Евгений Петрович пропустил психотерапевта вперёд. Тот снял худи оппозиционного политика N и натянул его как веревку — Федя держал один рукав, Финк — другой. Свободной рукой мистер Тризны ухватился за хлястик куртки госпожи Ульёнен. Попетляв в пустоте, они кубарем ввалились в избу, прокопчённую пожаром. Синикка затворила дверь.
— Выбросы. — Она передала по кругу флягу с коскенкорвой. — Скорби. В округе тьма народу полегла в гражданской войне.
— И по всей стране, разве нет?
— Разве да, Фёдор. Только чувствуешь это не везде. А тут ты это видишь!

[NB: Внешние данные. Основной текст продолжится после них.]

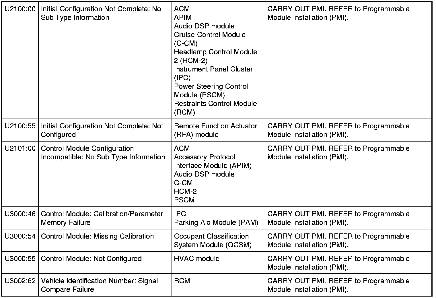 NOTE: Some modules on this vehicle utilize a 5-character DTC followed by a 2-character failure-type code. The failure-type code provides information about specific fault conditions such as opens, or shorts to ground. Continuous Memory DTCs have an additional 2-character DTC status code suffix to assist in determining DTC history.
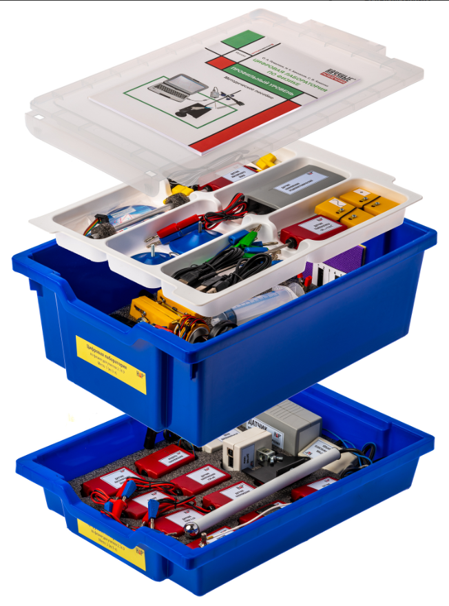 Все оборудование цифровой лаборатории (кроме скамьи лабораторной) укомплектовано в пластиковые системы хранения, которые закрываются прозрачной пластиковой крышкой на защелках для обеспечения наблюдения за содержимым. Комплект оборудования и датчики в системах хранения располагаются на ложементах в индивидуальных ячейках.

Из воздуха возникли — сгустились — мерцающие фигуры. Их яркость, их достоверность превосходила по качеству голливудские спецэффекты.
— Отец говорил, что, когда графья дали дёру, в Пяйвяком окопались инкери — человек пятьдесят. — Евгений Петрович водил пальцем по выцарапанной в стене надписи. — Onnea ei voi omistaa, mutta surulle voi laittaa suitset…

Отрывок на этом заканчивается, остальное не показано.